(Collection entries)

··········

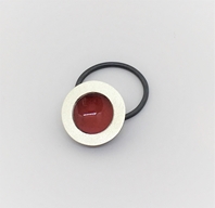 Oxidised white metal, red enamelled concave domed disc. The ring is kinetic. 18mm Diameter. Size P 1/2.
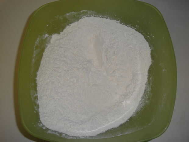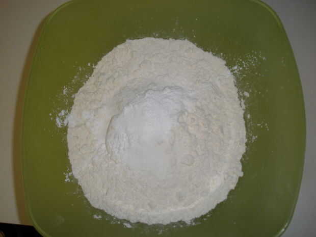 Combinar todos los ingredientes secos (4 c harina, 4 t de polvo de hornear y sal t 1) en un bol y reservar.
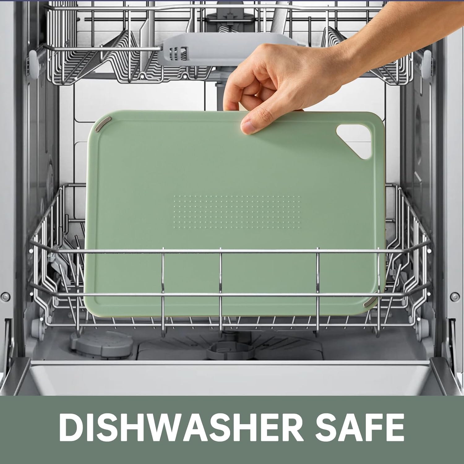 THETCHRY Plastic Cutting Board Set of 3-Cutting Boards for Kitchen BPA Free, Large-Small Chopping Boards Non-Slip for Cooking Camping Dishwasher Safe, Reversible, with Grip Handle, 15"×10"×0.6" Green quantity
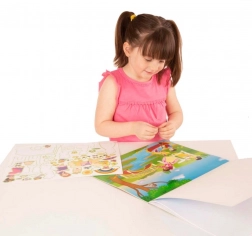 Gli adesivi si possono attaccare e spostare più volte, così i bambini possono cambiare facilmente la storia e comporre nuove scenette.
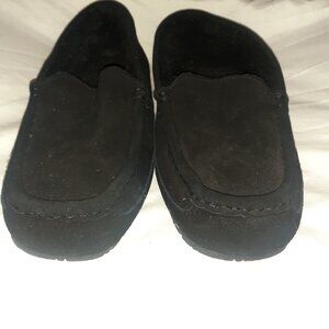 PAWZ BEARPAW BLACK LEATHER SLIPPERS SLIP ON SHEEPSKIN LINED-MENS SIZE 9
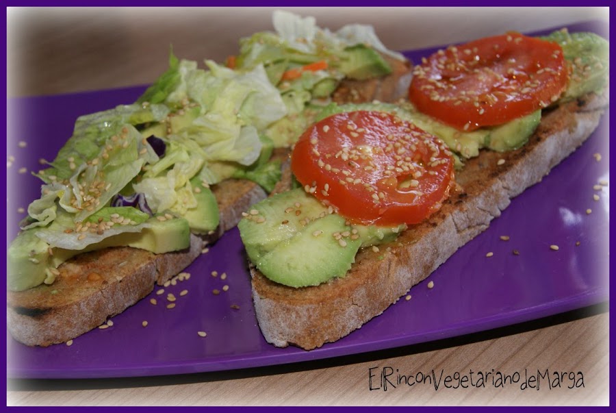 Tostamos las rebanadas de pan en una sarten o parrilla. Cuando estén tostadas, las untamos con el diente de ajo hasta que éste se deshaga en el pan, seguidamente restregamos por las rebanadas el tomate de ramellet, Troceamos el aguacate y lo ponemos sobre el pan, seguidamente lechuga y por último rodajas de tomate y semillas de sésamo. Lo regamos con aceite de oliva.
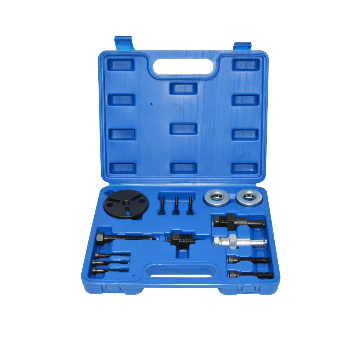 Набор для ремонта и обслуживания компрессора кондиционера 10 предметов. Применяется для фиксации при разборке и сборке муфты компрессора кондиционера, а также для замены уплотнений и сервисного обслуживания. Профессиональный съемник для снятия шкива/муфты компрессора кондиционера.
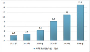 2013-2018年中國(guó)光纖激光器行業(yè)產(chǎn)能情況
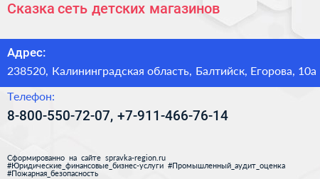 Сказка, сеть детских магазинов по адресу 238520, Калининградская область, Балтийск, Егорова, 10а в дальнейшем Организация, размещена в следующих категориях:
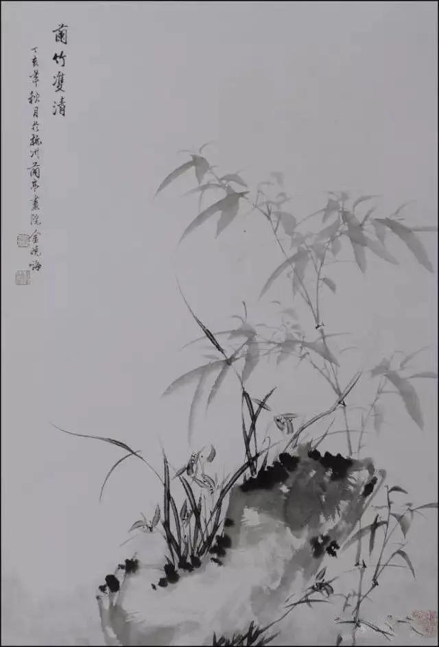 就“兰”这亘古恒久的命题,宋元以来的郑思肖、赵松雪、文征明、石涛等大师已将它写至极高境界,后人似乎难以企及。金晓海以其独立审美观的参悟,将兰的结体、程式、形姿乃至形式语言注入新机。
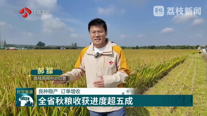 荔枝新闻中心记者郝朦说:“在盐城盐都的郭猛镇,这两天这里的水稻正在大面积开镰收割。今年这里种植的优良品种,被评为全国农业主导的水稻品种之一,产量如何?秋收时节,当地组织了全省高校、科研院所专家实地测产验收。”
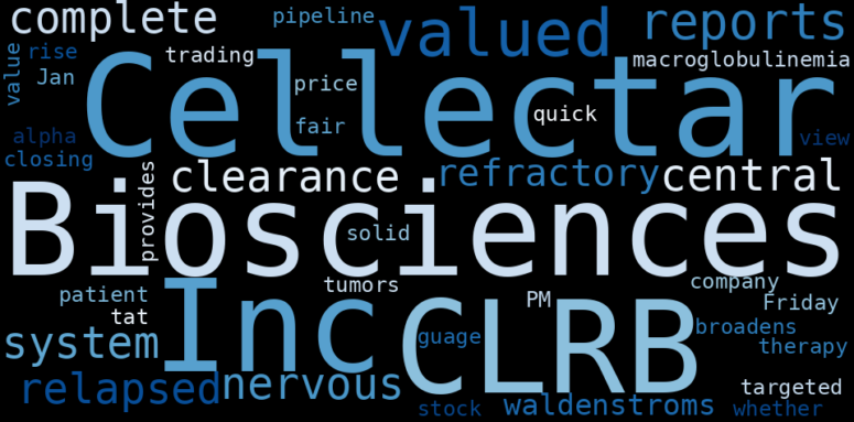 This document will help you to evaluate Cellectar BioSciences without reading an infinite amount of sources. Relying only on stock quotes or prices to make investment decisions is a mistake. Analyzing and observing stock charts, highs and lows and other numerical data does not allow to evaluate the real value of a company. Stock quotes and prices are the result of underlying characteristics of a company and of events and news happening around them. For this reason, investing must be based on information, not numbers. As a solution, we programmed an artificial intelligence that reads the whole internet and the uses natural language processing and vectorizers to summarize the information. Usually, the AI reads several hundred pages and summarize it to a short document. This document presents our results. We found that the most common words in the internet about Cellectar BioSciences are: value, Cellectar, Biosciences, Inc, CLRB, report, complete, …
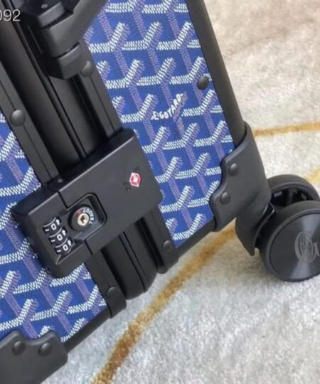 The Bourget PM trolley case is a carry-on rolling suitcase perfect for all your journeys. Resistant, rigid and light, it is practical with its 360 degree wheels and secure with its many closing systems borrowed directly from trunks. - Handle, plastic telescopic handle, elastic support straps at trunk-style corners on each side, internal compartments to secure items, internal zipped pocket, 23 liter capacity
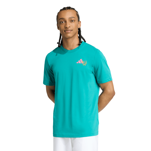 Inject energy and attitude into the padel court with this adidas t-shirt. It features a playful graphic on the back that leaves no doubt about your devotion to the sport. The CLIMACOOL technology wicks away sweat to keep your body cool and dry, and your mind free from distractions. Plus, its soft fabric makes it perfect for action on the court.
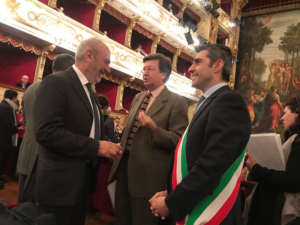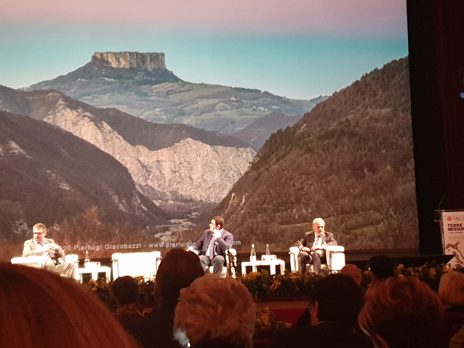 L’evento al Teatro Regio, ha visto la partecipazione tra gli altri del Sindaco Federico Pizzarotti; di Anna Laura Orrico Sottosegretatrio del Ministero per i Beni e le attività culturali e il Turismo; del Presidente FAI Andrea Carandini; dello scrittore Paolo Rumiz; dei Sindaci e Amministratori Fabio Milesi (Roncobello, BG), Gianluici Serra (Ulassai, NU), Fabio Sebastiano Venezia (Troina, EN), Camillo d’Angelo (Valle Castellana, TE).
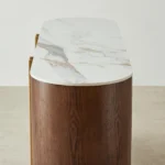 Sir Lionell Gliding White Sintered Stone Dresser – Amber Brown Wooden Leg
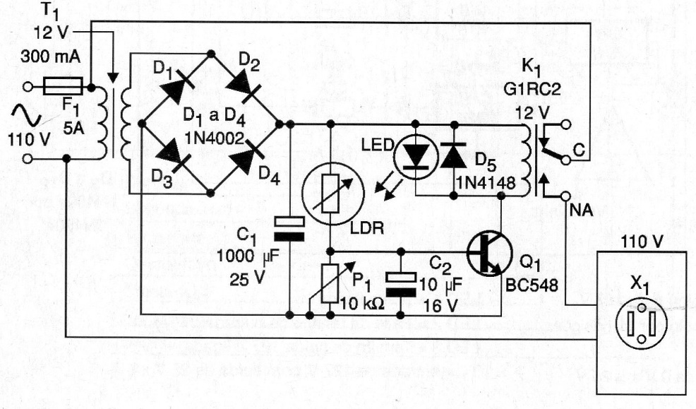 The idea of this 2002 circuit is to turn on a coffee maker automatically at dawn. The sensor is an LDR that must have the actuation point set to P1. The LDR should be in a tube pointing to the sky to detect the light of dawn and not the light of local illumination. The relay must be live according to the coffee maker.
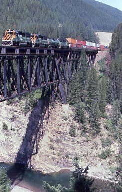 We passed over the Sheep Creek Trestle and across the river in the park was Goat Lick, a natural salt deposit, to which mountain goats are partial to, and of course, the Great Northern used a mountain goat as their mascot, naming him "Rocky". The double track ended at West Java and the tracks ran on a ledge high above the river protected by a slide detector fence since the mountain here is very unstable and could not take a double-tracked main line along its base. We passed through some trees then out onto the high bridge at Java over the Flathead River before we crossed over US Highway 2 with the railroad now becoming the southern boundary of Glacier National Park.
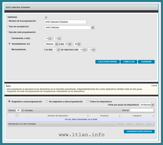 Para Modificar un apartado Pasos 1-2, únicamente deberéis de hacer “clic” en la opción de menú correspondiente en nuestro caso “AHS Collection Schedule”, a la derecha de vuestro monitor os aparecerán los campos modificables de la actualización, “Nombre de la programación, Tipo de Recopilación, etc..”, aquí podréis definir cuando queréis que se realice la tarea o ejecutarla en ese mismo momento.
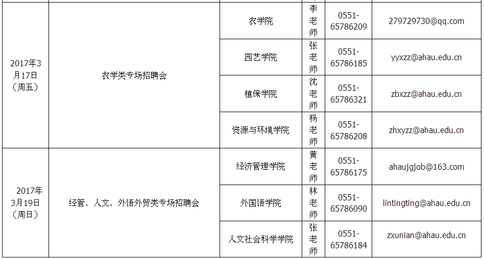 安徽農(nóng)業(yè)大學(xué)2017屆畢業(yè)生就業(yè)專場招聘會(huì)安排表
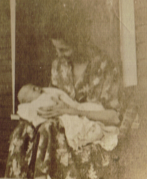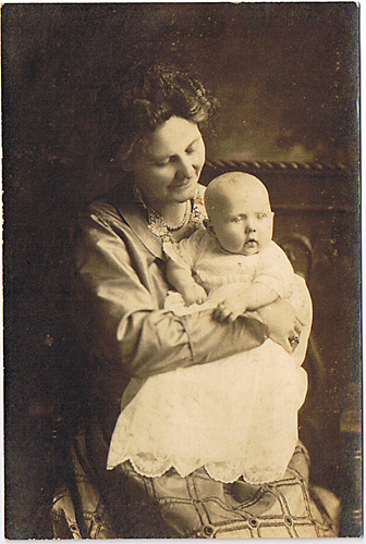 Lizzie DeCoster (mother) and baby Richard at 2 weeks (closeup from baby book)
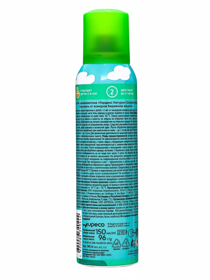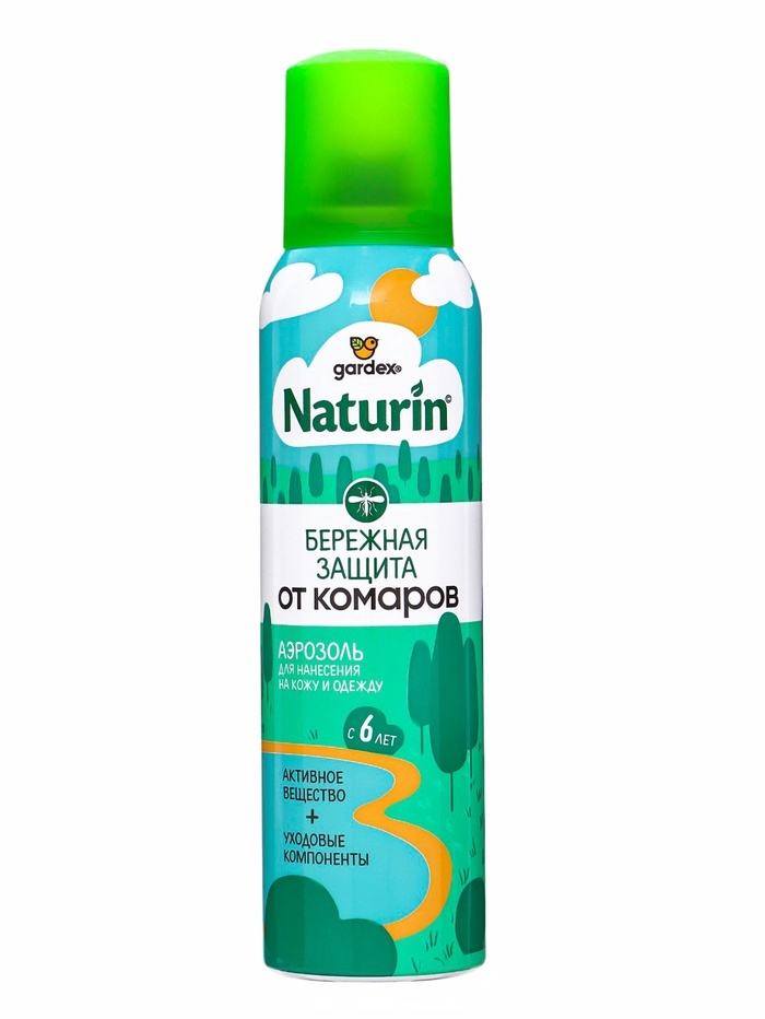 Аэрозоль от комаров, клещей и мошек Gardex Naturin Супер Сила 3 в 1 - современное репеллентное средство для защиты от кровососущих насекомых (комаров, мокрецов, мошек, москитов, слепней, блох, таежных... Показать описание и лесных клещей). Можно наносить на кожу и на одежду. Объем: 150 мл. СоставN, N-диэтилтолуамид (20%), диметилфталат (10%), этиловый спирт (25,98%), отдушка, пропеллент (пропан, бутан, изобутан).

··········

Your answer must be the lines from the one holding "The idea of" through the final line of the records above, exactly as written and without any pictures.

WRITTEN RESPONSE ->
 The idea of this 2002 circuit is to turn on a coffee maker automatically at dawn. The sensor is an LDR that must have the actuation point set to P1. The LDR should be in a tube pointing to the sky to detect the light of dawn and not the light of local illumination. The relay must be live according to the coffee maker.
 We passed over the Sheep Creek Trestle and across the river in the park was Goat Lick, a natural salt deposit, to which mountain goats are partial to, and of course, the Great Northern used a mountain goat as their mascot, naming him "Rocky". The double track ended at West Java and the tracks ran on a ledge high above the river protected by a slide detector fence since the mountain here is very unstable and could not take a double-tracked main line along its base. We passed through some trees then out onto the high bridge at Java over the Flathead River before we crossed over US Highway 2 with the railroad now becoming the southern boundary of Glacier National Park.
 Para Modificar un apartado Pasos 1-2, únicamente deberéis de hacer “clic” en la opción de menú correspondiente en nuestro caso “AHS Collection Schedule”, a la derecha de vuestro monitor os aparecerán los campos modificables de la actualización, “Nombre de la programación, Tipo de Recopilación, etc..”, aquí podréis definir cuando queréis que se realice la tarea o ejecutarla en ese mismo momento.
 安徽農(nóng)業(yè)大學(xué)2017屆畢業(yè)生就業(yè)專場招聘會(huì)安排表
 Lizzie DeCoster (mother) and baby Richard at 2 weeks (closeup from baby book)
 Аэрозоль от комаров, клещей и мошек Gardex Naturin Супер Сила 3 в 1 - современное репеллентное средство для защиты от кровососущих насекомых (комаров, мокрецов, мошек, москитов, слепней, блох, таежных... Показать описание и лесных клещей). Можно наносить на кожу и на одежду. Объем: 150 мл. СоставN, N-диэтилтолуамид (20%), диметилфталат (10%), этиловый спирт (25,98%), отдушка, пропеллент (пропан, бутан, изобутан).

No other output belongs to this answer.